Oggi, però, affrontiamo un tema del quale non si parla ancora granché ma centra perfettamente il concetto, capovolgendolo: il fenomeno cinematografico e televisivo della “iPhone Face” o, se preferite, della “Instagram Face”.

Tema interessante, perché parte dal presupposto che la perfezione, in realtà, “esista davvero”. Quando non esiste, è applicata digitalmente in post-produzione, dando vita a scenari più irrealistici e, allo stesso tempo, più appetibili per il grande pubblico.
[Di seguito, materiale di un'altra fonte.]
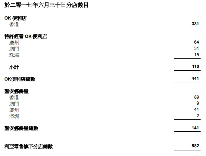 公司于年內首六個月在香港及澳門開設四家新圣安娜餅屋并有四家餅屋結業(yè),于2017年6月30日,圣安娜餅屋總數為98家,與2016年底總數相同。上半年,圣安娜餅屋于廣州及深圳之總店鋪網絡遍及43個地點。
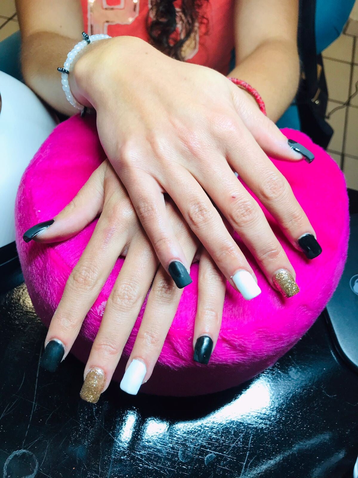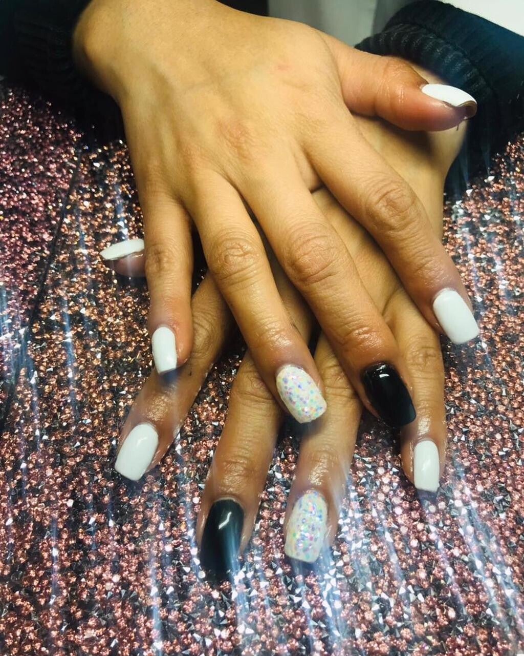 UÑAS EN TIP PUNTA CUADRADA, ESMALTADAS EN TONO NEGRO, BLANCO Y GLITTER DORADO.

I fenomeni della “iPhone Face” e della “Instagram Face”, affini e sovrapponibili, affrontano aree di interesse simili. Col primo, si intende in particolare la tendenza contemporanea di film e serie tv a inserire in produzioni di stampo storico degli attori con “volti troppo moderni e perfetti”, per questo meno credibili.

Se ne parlò in particolare nel 2019 quando uscì il film The King, ambientato nel Medioevo. In giro per i social, molti commentarono la decisione di optare per  Timothée Chalamet e Lily-Rose Depp per due ruoli centrali. Il problema? Non certo le qualità dei due attori, eccezionali e dal talento indiscusso, bensì i loro volti. Volti ritenuti “fuori luogo”, seppure bellissimi. Ancorati a canoni fuori da quel tempo e a una percezione di contemporaneità che stonava col contesto creato.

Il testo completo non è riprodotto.